AI company InstaDeep cannot build the products the industry demands without conducting its own research in-house. Yet bridging the gap between a lab breakthrough and a functional product remains the ‘hard problem’ facing the next generation of industrial AI

IT’S ONE THING to have a research team within your organisation. It’s quite another to apply that research to your products.

Thomas Lecat knows this challenge well. He spent five years as lead engineer on InstaDeep’s project with Deutsche Bahn, the German national railway operator.
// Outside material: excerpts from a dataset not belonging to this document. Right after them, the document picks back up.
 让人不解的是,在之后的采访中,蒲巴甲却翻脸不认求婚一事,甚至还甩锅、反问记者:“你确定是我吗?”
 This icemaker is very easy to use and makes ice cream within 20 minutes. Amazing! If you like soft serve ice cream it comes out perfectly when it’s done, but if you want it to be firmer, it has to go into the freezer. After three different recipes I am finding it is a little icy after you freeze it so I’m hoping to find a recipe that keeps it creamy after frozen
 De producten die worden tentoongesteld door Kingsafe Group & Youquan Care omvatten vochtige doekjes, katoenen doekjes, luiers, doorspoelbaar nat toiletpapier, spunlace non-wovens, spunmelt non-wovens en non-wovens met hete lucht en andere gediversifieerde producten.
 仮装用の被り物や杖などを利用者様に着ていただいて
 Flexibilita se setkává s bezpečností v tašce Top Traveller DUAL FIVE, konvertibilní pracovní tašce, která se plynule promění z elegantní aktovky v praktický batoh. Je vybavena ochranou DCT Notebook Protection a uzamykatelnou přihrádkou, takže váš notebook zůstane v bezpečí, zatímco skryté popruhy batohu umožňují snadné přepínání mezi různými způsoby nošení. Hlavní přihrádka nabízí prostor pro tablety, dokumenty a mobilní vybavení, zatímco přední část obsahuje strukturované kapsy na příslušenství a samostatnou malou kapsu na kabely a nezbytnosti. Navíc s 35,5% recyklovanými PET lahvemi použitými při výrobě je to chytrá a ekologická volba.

This is one of the most complex real-time optimisation problems in industrial AI, with hundreds of trains, a live network, and incidents that can demand rerouting decisions in seconds. “This type of work we do is very difficult,” states Farhad Safaei, Technical Development Lead at Deutsche Bahn. “To get a small percentage increase in performance, you have to do a lot of work, a lot of implementations, and new techniques.”

The collaboration between InstaDeep and Deutsche Bahn started in 2019. “What I always liked about InstaDeep,” says Safaei, “was the motivation that I saw and the passion for solving problems. It was not just another consultancy project.” It was this approach, inherent to InstaDeep’s culture, that drove Lecat and the team to keep pushing for ideas from research. “Research would come to us with something brilliant,” Lecat recalls, “and then we’d come back to reality and realise we couldn’t actually use it. The benchmark environments they used were really small, really lightweight. They could reset them at any state. Then you come back to the real environment, one that implements the physics and the constraints, and the simulation is not as fast. The freedom disappears.” He pauses. “And that happened repeatedly.”
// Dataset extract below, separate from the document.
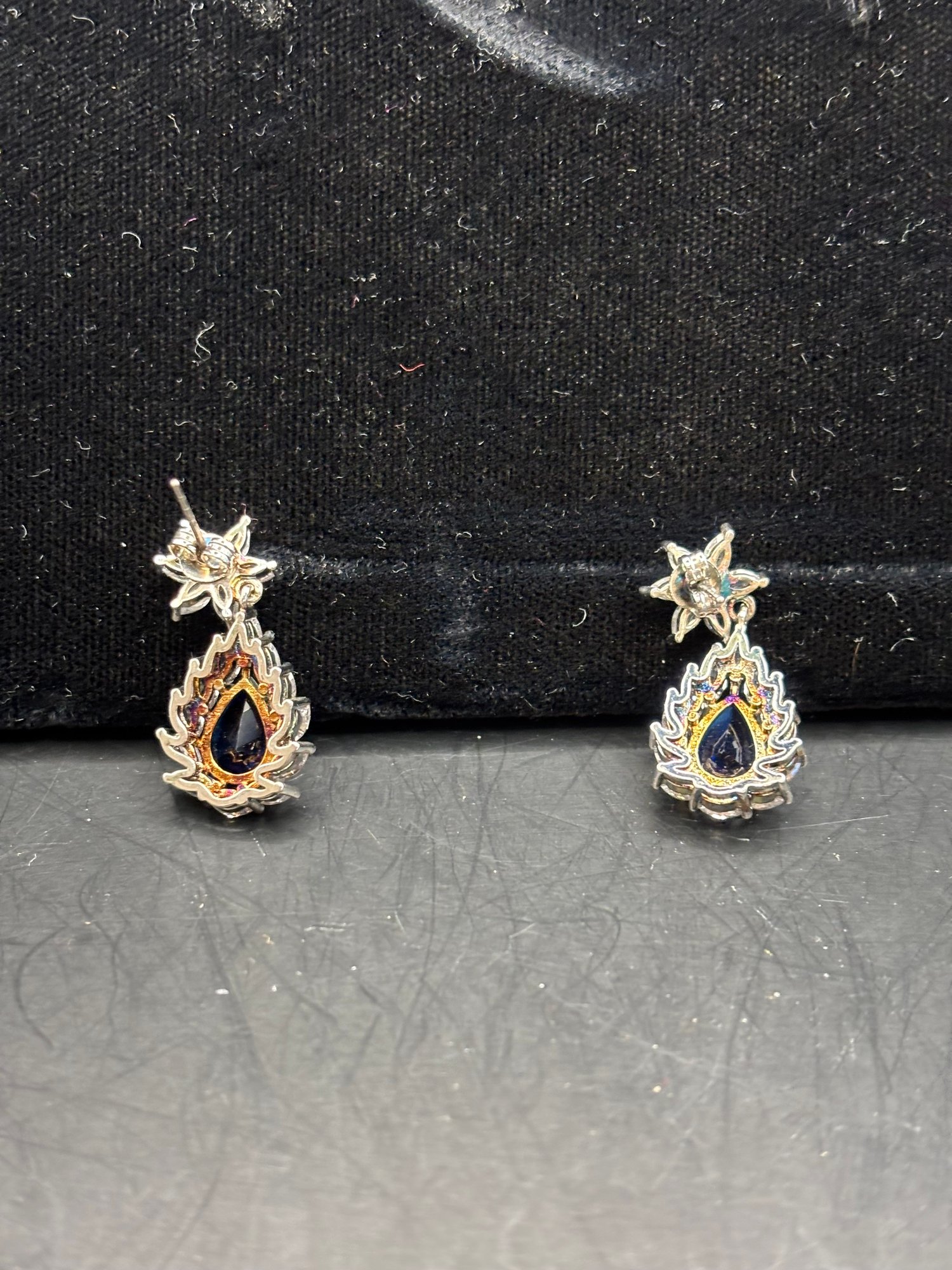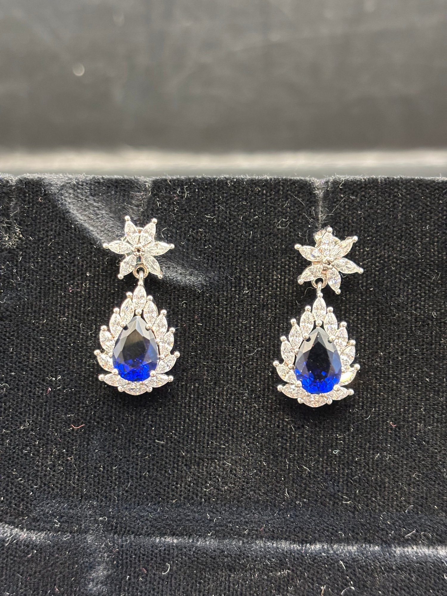 1- pair of sapphire like and crystal costume earrings, studs

This is not an InstaDeep problem. It’s an industry problem, and perhaps a defining structural challenge of applied AI research. Research teams optimise for publication, product teams optimise for shipping. The assumptions that make a new algorithm shine on a benchmark can make it unusable in production. The result is that breakthrough ideas can sit in papers, and the product teams quietly find another way.
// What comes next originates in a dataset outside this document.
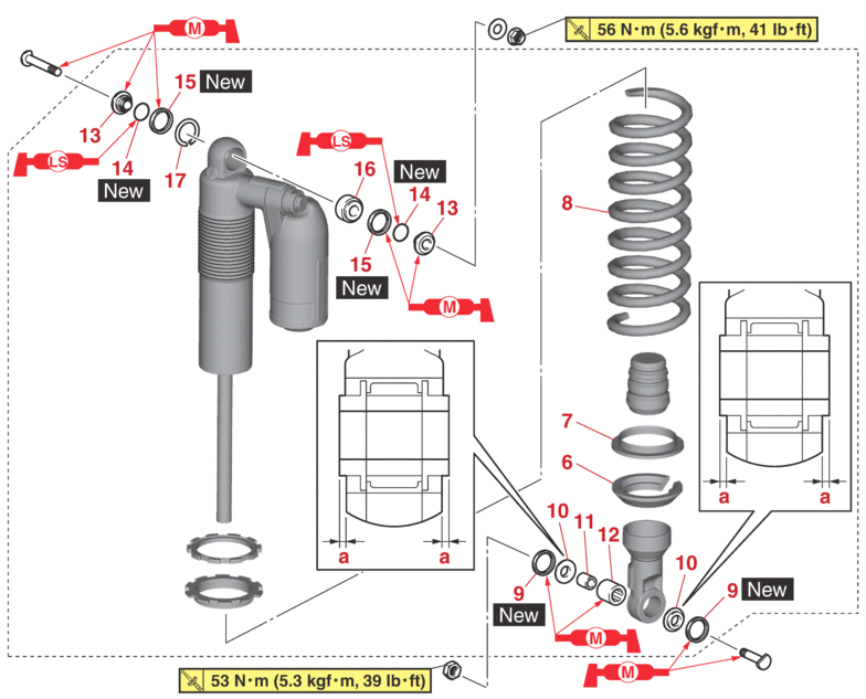 Gas leaks/oil leaks → Replace the rear shock absorber assembly.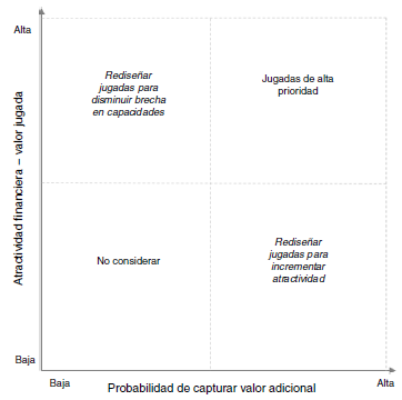 La evaluación de las jugadas se realizó en una matriz de evaluación (fig. 2), con base en 2 criterios, el primero es el atractivo financiero de la jugada, es decir, qué tanto valor le añade esta jugada al negocio de TQ y el segundo criterio es la probabilidad de capturar ese valor incremental que representa la jugada.

“Oftentimes in research, it’s hard to find something that really makes an improvement…whereas for these inference strategies, there was, from one day to another, very significant improvements.”

Stefan Schneider, Research Engineer at Deutsche Bahn

InstaDeep was aware of this challenge from the get-go and determined to do things differently. Yet the conversation that gave real momentum to the change didn’t happen in a boardroom. It happened over coffee in a cramped Paris office sometime in 2024, between Lecat and Felix Chalumeau, a research engineer who was then working on population-based optimisation.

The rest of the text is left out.